"Porque el amor trasciende el enojo, la lucha, el error y no es sólo para momentos de alegría. Amar es la confianza plena de que pase lo que pase vas a estar, no porque me debas nada, no con posesión egoísta, sino estar, en silenciosa compañía.
Amar es saber que no te cambia el tiempo, ni las tempestades, ni mis inviernos.
Amar es darte un lugar en mi corazón para que te quedes como un padre, madre, hermano, hijo, amigo y saber que en el tuyo hay un lugar para mí.
Dar amor no agota el amor, por el contrario, lo aumenta. La manera de devolver tanto amor, es abrir el corazón y dejarse amar.
Ya entendí - dijo la rosa -. No lo entiendas, vívelo - dijo el Principito."
Antoine de San Exupéry
El hombre ha medida que evolucionó, tomó conciencia de que ser papá era comprender que un día tuvo un sueño y de pronto el mismo se transformó en esa presencia que palpita entre sus brazos, en ese alguien que al ser ternura viva lo colma de emoción.
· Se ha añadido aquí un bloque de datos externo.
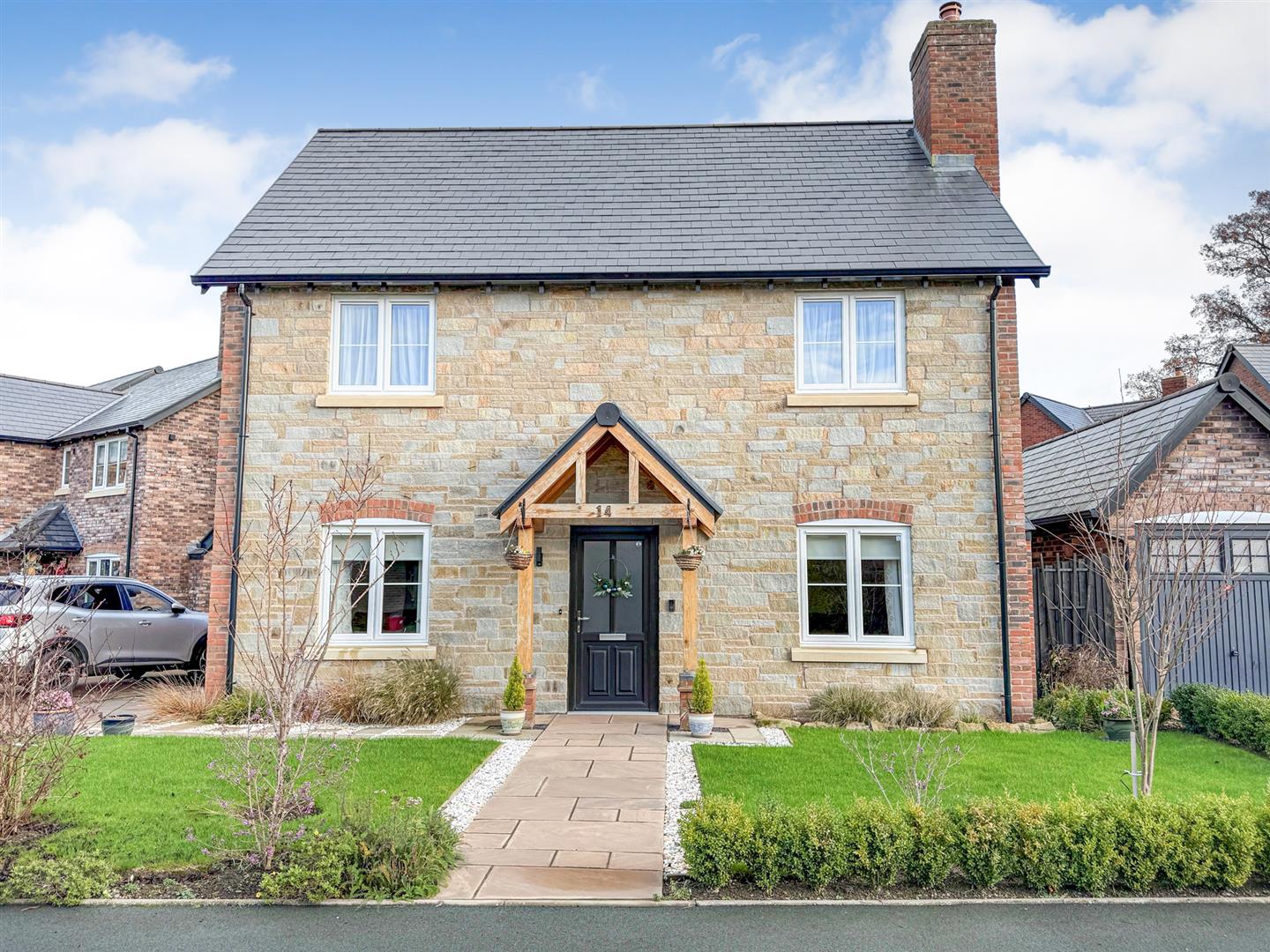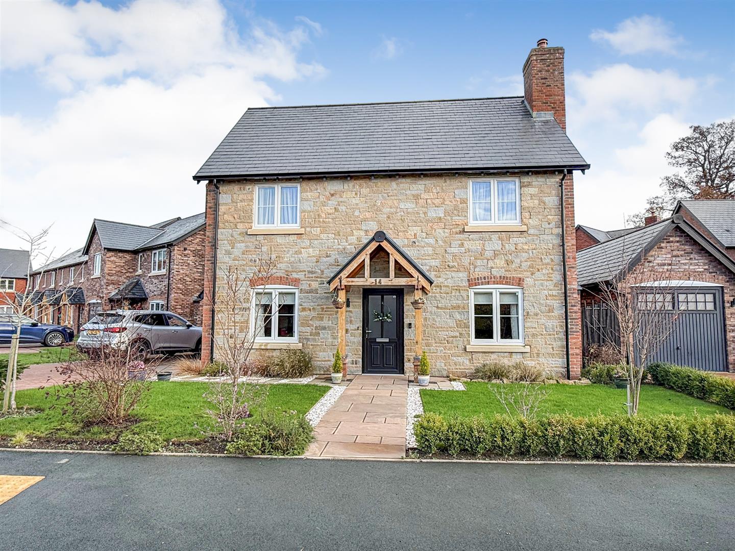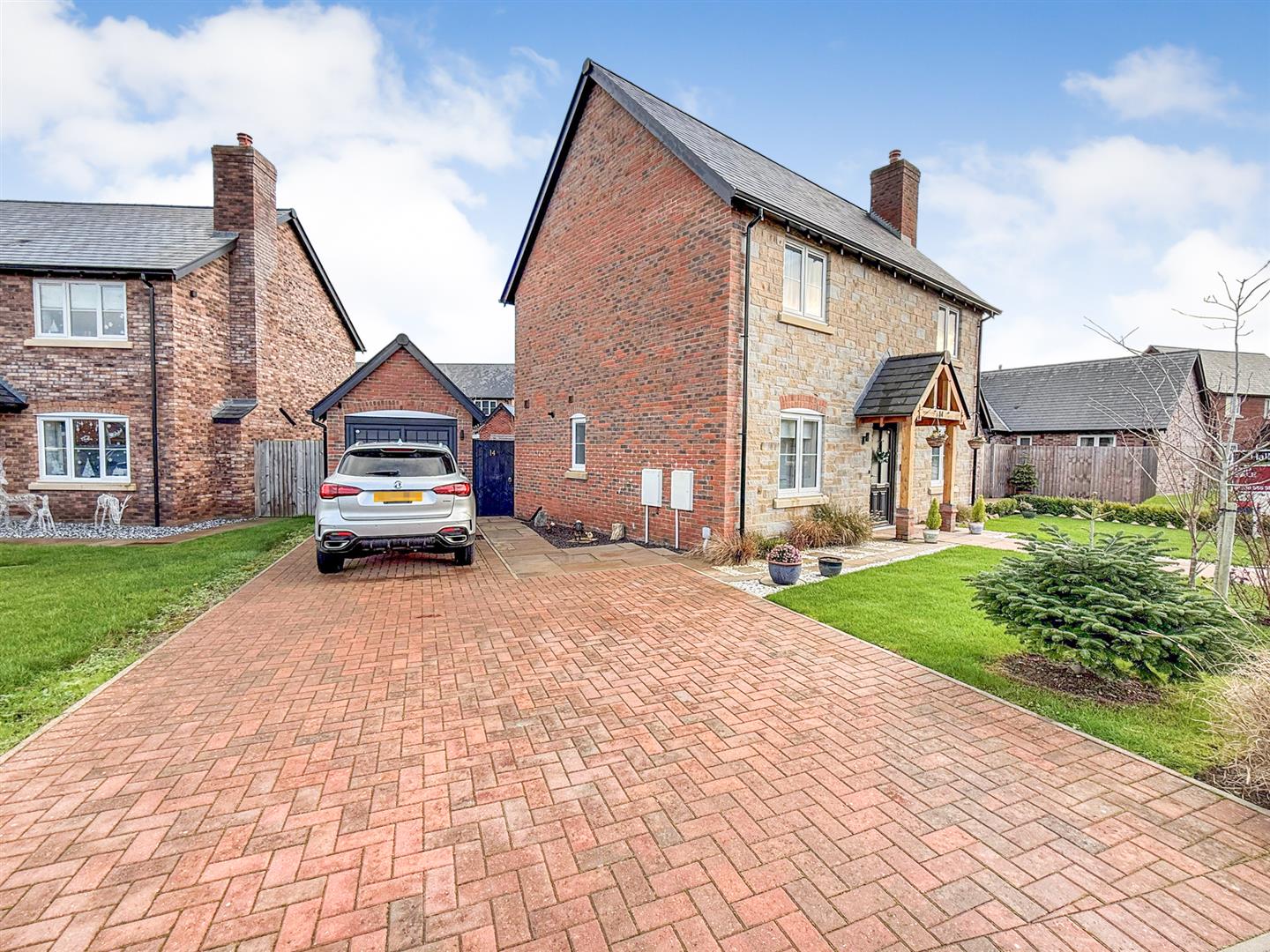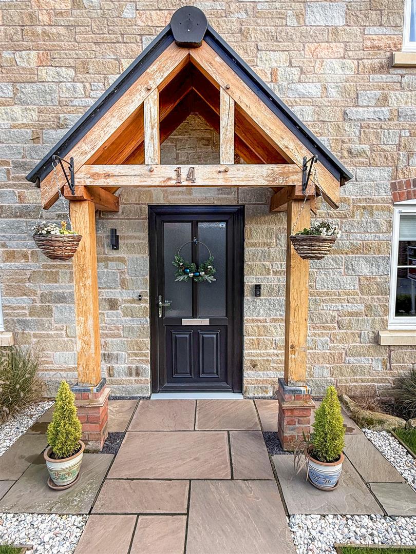 To the front of the property is an Indian stone path leading to the front door and oak porchway with lawn and shrubbed areas on each side of the path. A block paved driveway to the side of the property provides parking space for several vehicles leading to the garage.

Sintió la plenitud de ser papá cuando logró captar esa mirada que partía de unos ojos inocentes lo que le permitió cubrirse de puro regocijo.
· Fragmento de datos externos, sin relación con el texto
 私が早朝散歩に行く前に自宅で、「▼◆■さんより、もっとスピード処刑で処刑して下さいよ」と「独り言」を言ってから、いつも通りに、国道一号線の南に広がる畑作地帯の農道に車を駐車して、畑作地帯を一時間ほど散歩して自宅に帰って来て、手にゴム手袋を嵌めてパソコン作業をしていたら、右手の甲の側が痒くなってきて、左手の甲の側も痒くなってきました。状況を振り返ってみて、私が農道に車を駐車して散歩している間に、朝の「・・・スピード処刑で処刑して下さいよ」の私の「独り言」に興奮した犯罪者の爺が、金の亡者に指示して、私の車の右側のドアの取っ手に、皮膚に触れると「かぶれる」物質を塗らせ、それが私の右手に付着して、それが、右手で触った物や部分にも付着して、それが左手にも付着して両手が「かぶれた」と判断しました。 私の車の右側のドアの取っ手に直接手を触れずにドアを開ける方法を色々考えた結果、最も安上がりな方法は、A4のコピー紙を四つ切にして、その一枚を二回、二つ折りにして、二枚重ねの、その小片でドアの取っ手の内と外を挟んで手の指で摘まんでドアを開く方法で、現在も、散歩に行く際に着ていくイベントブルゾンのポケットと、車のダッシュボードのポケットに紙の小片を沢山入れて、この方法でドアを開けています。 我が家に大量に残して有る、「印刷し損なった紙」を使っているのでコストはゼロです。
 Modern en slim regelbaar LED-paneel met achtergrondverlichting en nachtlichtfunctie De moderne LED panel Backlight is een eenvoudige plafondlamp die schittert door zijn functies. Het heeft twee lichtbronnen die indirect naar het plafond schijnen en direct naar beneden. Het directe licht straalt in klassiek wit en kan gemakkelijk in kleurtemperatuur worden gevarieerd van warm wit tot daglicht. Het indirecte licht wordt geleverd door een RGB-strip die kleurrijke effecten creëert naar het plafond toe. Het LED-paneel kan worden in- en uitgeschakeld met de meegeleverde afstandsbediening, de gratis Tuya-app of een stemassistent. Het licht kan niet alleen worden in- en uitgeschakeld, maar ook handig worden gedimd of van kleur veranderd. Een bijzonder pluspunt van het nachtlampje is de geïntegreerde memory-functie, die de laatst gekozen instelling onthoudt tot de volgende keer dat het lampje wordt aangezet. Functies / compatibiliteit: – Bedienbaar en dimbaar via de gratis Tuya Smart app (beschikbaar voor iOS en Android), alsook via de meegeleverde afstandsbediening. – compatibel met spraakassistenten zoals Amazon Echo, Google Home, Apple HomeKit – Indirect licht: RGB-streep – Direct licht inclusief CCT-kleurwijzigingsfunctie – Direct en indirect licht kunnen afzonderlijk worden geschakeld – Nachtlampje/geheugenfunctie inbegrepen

Para ser papá hay que vivenciarlo. La vida cambia, pues de pronto, llega a la suya un ser del cuál se responsabiliza y al que le entrega su amor incondicional, pleno de razón y sentimiento, pues como dijera Johann Friedrich Schiller "No es la carne y la sangre, sino el corazón lo que nos hace padres e hijos."
Un papá es aquél que sabe orientar y exigir, pero al mismo tiempo sabe demostrar su amor, dándolo sin medida.
En el largo recorrido de su vida, el hombre comienza a ejercer este rol cuando siente que cada día aprende algo nuevo..., sobre todo de lo mucho que puede amar sólo por el hecho de ser papá.
A todos los papás que aún tienen la dicha de cobijar entre sus brazos a sus hijos: ¡Feliz día!!!
* Aléthea, su significado: "Representa la Verdad en la Mitología Griega. Fue hija del Tiempo y madre de la Justicia y la Virtud."